Table of Contents
If you work with text files on Linux, you may have encountered the awk command. Awk is a powerful tool for processing and manipulating text data. In this blog post, we will explain what awk is, how it works, and some examples of how to use it.
If you are new to programming, I suggest you take a look at this thread. linux-bash-1
What is awk?
Awk is a programming language that was designed for text processing. It can perform various operations on text files, such as filtering, transforming, extracting, and reporting. Awk stands for Aho, Weinberger, and Kernighan, the names of its original authors.
How does awk work?
Awk works by reading one line of input at a time and applying a set of rules to it. Each rule consists of a pattern and an action. The pattern is a condition that determines whether the action should be executed or not. The action is a block of code that performs some operation on the input line.
For example, suppose we have a file called students.txt that contains the names and grades of some students:
Alice 90
Bob 80
Charlia 75
David 85
Eve 95
awk '$2 > 80 {print $1}' students.txt
The output will be:
Alice
David
Eve
The awk command consists of three parts: the awk program name, the awk script enclosed in single quotes, and the input file name. The awk script has one rule: ‘$2 > 80 {print $1}’. The pattern ‘$2 > 80’ means that the second field (separated by whitespace) of the input line should be greater than 80. The action ‘{print $1}’ means that the first field of the input line should be printed.
Here are some basic examples of how to use awk:
Print a specific field in a file:
awk '{print $2}' filename
This will print the second field in each line of the file named filename
.
Print a specific range of fields:
awk '{print $2, $4}' filename
This will print the second and fourth fields in each line of the file.
Print only lines that match a pattern:
awk '/pattern/ {print}' filename
This will print all lines that contain the word “pattern” in the file.
Count the number of lines in a file:
awk 'END {print NR}' filename
This will print the total number of lines in the file.
Calculate the average of a column of numbers:
awk '{sum += $3} END {print sum/NR}' filename
This will calculate the average of the third column in the file.
Combine awk with other commands:
ps -ef | awk '$1 == "root" {print}'
This will print all processes owned by the root user.

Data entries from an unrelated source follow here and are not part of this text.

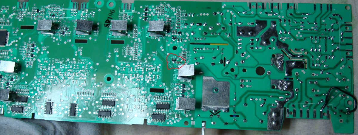 Блок после ремонта, со слов сгорели резистор R?2P и диод D11P (непонятно как?) и дорожка на плате, были установлены резистор 1,5к и диод 1N4148, дорожка восстановлена проводком, после этого перестала включаться блокировка люка.
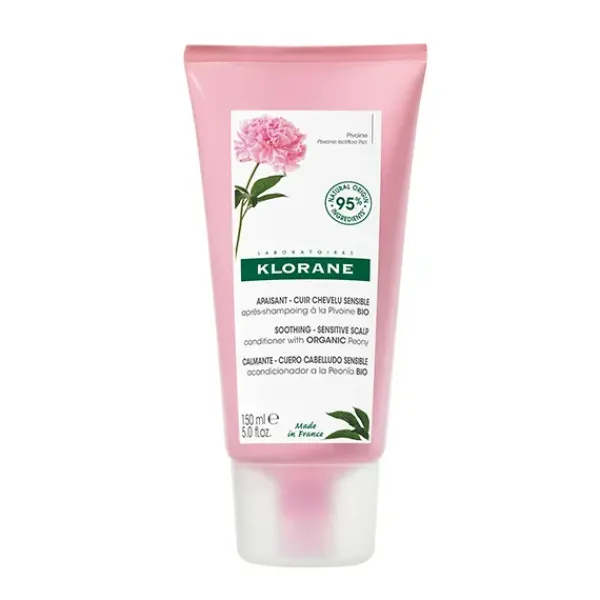 El acondicionador calmante a la peonía BIO de Klorane está formulado específicamente para calmar el cuero cabelludo irritado y desenredar suavemente el cabello.
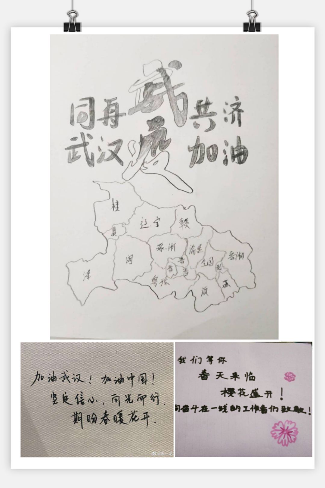 在疫情的发源地武汉,有全国各地奔赴一线的医护工作者、专家团队等各个行业的工作人员。在武汉,也有因为升高的病患数量而感到紧张和恐慌的普通市民。为了表达对奉献者的敬意、对武汉人民的支持和鼓励,党支部全体党员通过手写祝福语、绘画等自己擅长的方式为武汉加油。
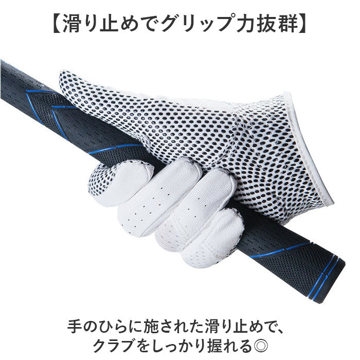 ・通気性と伸縮性を兼ね備えた両手用ゴルフグローブ。

Awk has many built-in variables and functions that can be used in the patterns and actions. For example, NF is a variable that holds the number of fields in the current input line, and length() is a function that returns the length of a string. We can use them to print only the lines that have three fields and whose first field has more than four characters:
awk 'NF == 3 && length($1) > 4 {print}' students.txt
The output will be:
Charlie 75
Awk also allows you to define your own variables and functions. For example, we can define a variable called total to store the sum of all grades, and a function called average to calculate the average grade:
awk 'BEGIN {total = 0} {total += $2} END {average = total / NR; print "Average grade:", average}' students.txt
The output will be:
Average grade: 85
The BEGIN and END blocks are special blocks that are executed before and after processing the input file, respectively. NR is another built-in variable that holds the number of records (lines) read so far.
These are just some basic examples of how to use awk on Linux. Awk is a very versatile and expressive language that can handle complex text processing tasks. To learn more about awk, you can check out its manual page or online tutorials.